Clinical Trial Finder

Inclusion Criteria:

Diagnosis:

• - Progressive disease with histologically proven initial diagnosis of glioblastoma, medulloblastoma, or ependymoma; With confirmation of progression by either MRI or CSF analysis; Measureable disease is not required for study entry; Patients with progressive disease must have been previously treated with therapeutic radiation as part of treatment for the initial brain cancer diagnosis or for a prior relapse.

• - Newly diagnosed DIPG (diffuse intrinsic pontine glioma) with no prior therapy (including no prior radiation); Biopsy is not required for DIPG.

• - Central review of tissue diagnosis is required, except non-biopsied DIPG; Archival tumor tissue must be located and available prior to study entry.

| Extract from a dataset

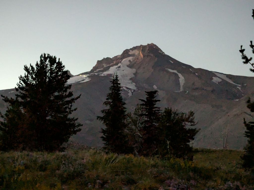 In the evening before camp, I stopped and filled my cold soak jar with huckleberries picked from the many bushes lining the trail. Shortly after, the trees gave way to sandy, open slopes on the shoulder of Mount Hood. Here, I made my camp, beneath the view of the colossal volcano. As I dozed off under the stars, tucked in my quilt to protect me from the whipping wind, I watched the Perseids meteor shower. I was tired enough that I only saw 5 shooting stars before I fell asleep.

• - Patients with metastatic disease are eligible.

Lansky or Karnofsky performance status score must be ≥ 50%. Adequate renal function: creatinine ≤ 1.5-times upper limit of age-adjusted normal. Adequate liver function:

• - ALT ≤ 5-times upper limit of normal.

• - Total bilirubin ≤ 1.5-times upper limit of normal.

Adequate Bone marrow function:

• - Absolute neutrophil count (ANC) ≥ 750/mcL.

• - Platelets ≥ 75,000/mcL (transfusion independent).

• - Hemoglobin ≥ 8 g/dL (transfusion independent).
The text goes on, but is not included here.